The program I could utilize includes bash shell, awk, sed, python, perl, R, mysql, java, c etc. I just couldn't find a way to do it. :wall:
Please help, thanks in advance~!

delugeag · September 24, 2012, 2:00am

I think you can do it with awk ?
the 1)

awk '
/^.........patern/ {n+=1}
/^.....patern/ {m+=1}
end {print n ; print m}
' file

6 "." is for the patern in the 7th column.

pamu · September 24, 2012, 3:07am

For your second requirement..

assuming you have same number of characters per line..

try this..

sed -e 's/.\{1\}/& /g' file | awk '{ for(i=1;i<=NF;i++){a[NR,i]=$i;max=NF}maN=NR;}END{
for (i=1;i<=max;i++){
k=0;p="";
for (j=1;j<=maN;j++){
if(p){if(p != a[j,i]){k=1}}else{p=a[j,i];};
}
if(k != 1 && p != "-"){ print p;}
}
}'

cwzkevin · September 24, 2012, 8:49am

Thanks!
My bad! The example I have up there is just for example. The matching actually has no pattern at all. I don't know where the matching(s) is/are happening and I don't know how many of them are out there and I don't know how long of each matching. Since each line is 3,278,824 in length...

pamu · September 24, 2012, 9:16am

Please provide some extra info about your input file.

cwzkevin · September 24, 2012, 11:14am

pamu:

For your second requirement..

assuming you have same number of characters per line..

try this..

sed -e 's/.\{1\}/& /g' file | awk '{ for(i=1;i<=NF;i++){a[NR,i]=$i;max=NF}maN=NR;}END{
for (i=1;i<=max;i++){
k=0;p="";
for (j=1;j<=maN;j++){
if(p){if(p != a[j,i]){k=1}}else{p=a[j,i];};
}
if(k != 1 && p != "-"){ print p;}
}
}'

Thanks, your code works on my example. But it outputs the matching char one at a line. I need to do something like

 | tr -d '\n'

to remove the newline of every line to get it to print out onto one line only. Thanks, I need to test it on my real file. Should work. Thanks.

cwzkevin · September 24, 2012, 12:03pm

The attach is the first 8192 chars of the first 4 lines. I just need to test the script you provided through and through.

RudiC · September 24, 2012, 1:08pm

22 lines of 3,278,824 chars to be compared char by char!? Wouldn't it be much easier if we could transpose that matrix (yet I don't know how, right now, from the top of my head) ?

cwzkevin · September 24, 2012, 1:36pm

Yes, transpose it and use awk with NF=22, NR=3278824 is the direction of solution in my mind. Actually, pamu's solution is done by transpose it with awk and also count it by awk!!! GREAT!
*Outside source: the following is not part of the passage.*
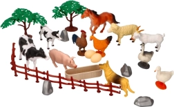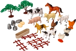 Set obsahuje plastová zvířata v různých velikostech, včetně krav, koní, ovcí, slepic, stromů a dalších doplňků jako plotů, kamenů a vajec, které zajišťují vzdělávací a kreativní rozvoj.

RudiC · September 25, 2012, 11:10am

The sample zip file you provided is not too good an example. I managed to transpose it though, but lines seem identical on the first sight. Could you provide a sample with 22 lines and, say a few thousand chars per line?
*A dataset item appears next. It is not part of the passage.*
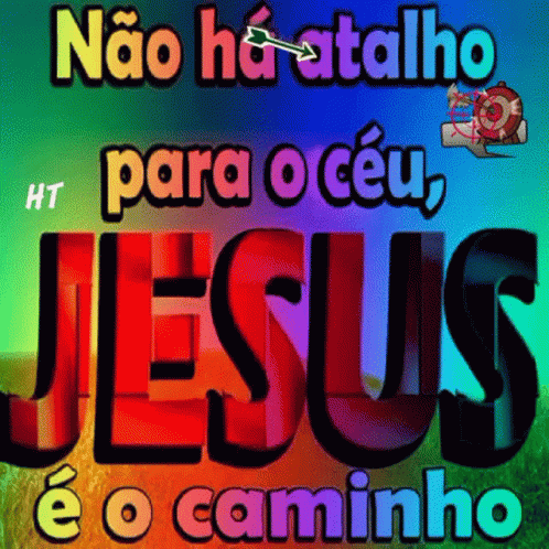 Colorful animated graphic stating 'There is no shortcut to heaven, Jesus is the way' in Portuguese.

cwzkevin · September 25, 2012, 11:40am

Thank you, Rudi.

I think Pamu's solution works. (Thank you Pamu.)

RudiC · September 25, 2012, 12:04pm

This works (on linux with bash and GNU tools!) for your four line 24 char example from post #1:

$ cat sedfile
1 {s/\(.\)/\1\n/g;w1.tmp
  }
2 {s/\(.\)/\1\n/g;w2.tmp
  }
3 {s/\(.\)/\1\n/g;w3.tmp
  }
4 {s/\(.\)/\1\n/g;w4.tmp
  }
$ sed -nf sedfile infile
$ paste -d" " ?.tmp >filetransposed
$ awk  '{split ($0, b)
          L=1
          for (i=1;i<NF;i++) {L=L && b==b[i+1] && b!="-"; if (!L) break}
         }
         L {n++; printf "%s", b[1]}
         !L {for (i=1;i<=NF;i++) if (b != "-") printf "%s",b >"line"i}
         END {print "\t",n; for (i=1;i<=NF;i++) print "" > "line"i}
        ' filetransposed
ABCDDBBBB     9
$ cat line?
ACBD
ADCC
AAC
AADCD

---------- Post updated at 06:04 PM ---------- Previous update was at 05:58 PM ----------

OK, but does it meet your requirement 3)?

cwzkevin · September 27, 2012, 6:01pm

Thanks, Rudi. I got all my solutions now. Thank you!

rudic:

This works (on linux with bash and GNU tools!) for your four line 24 char example from post #1:
$ cat sedfile
1 {s/$.$/\1\n/g;w1.tmp
  }
2 {s/$.$/\1\n/g;w2.tmp
  }
3 {s/$.$/\1\n/g;w3.tmp
  }
4 {s/$.$/\1\n/g;w4.tmp
  }
$ sed -nf sedfile infile
$ paste -d" " ?.tmp >filetransposed
$ awk  '{split ($0, b)
   L=1
   for (i=1;i<NF;i++) {L=L && b==b[i+1] && b!="-"; if (!L) break}
   }
   L {n++; printf "%s", b[1]}
   !L {for (i=1;i<=NF;i++) if (b != "-") printf "%s",b >"line"i}
   END {print "\t",n; for (i=1;i<=NF;i++) print "" > "line"i}
   ' filetransposed
ABCDDBBBB     9
$ cat line?
ACBD
ADCC
AAC
AADCD
---------- Post updated at 06:04 PM ---------- Previous update was at 05:58 PM ----------

OK, but does it meet your requirement 3)?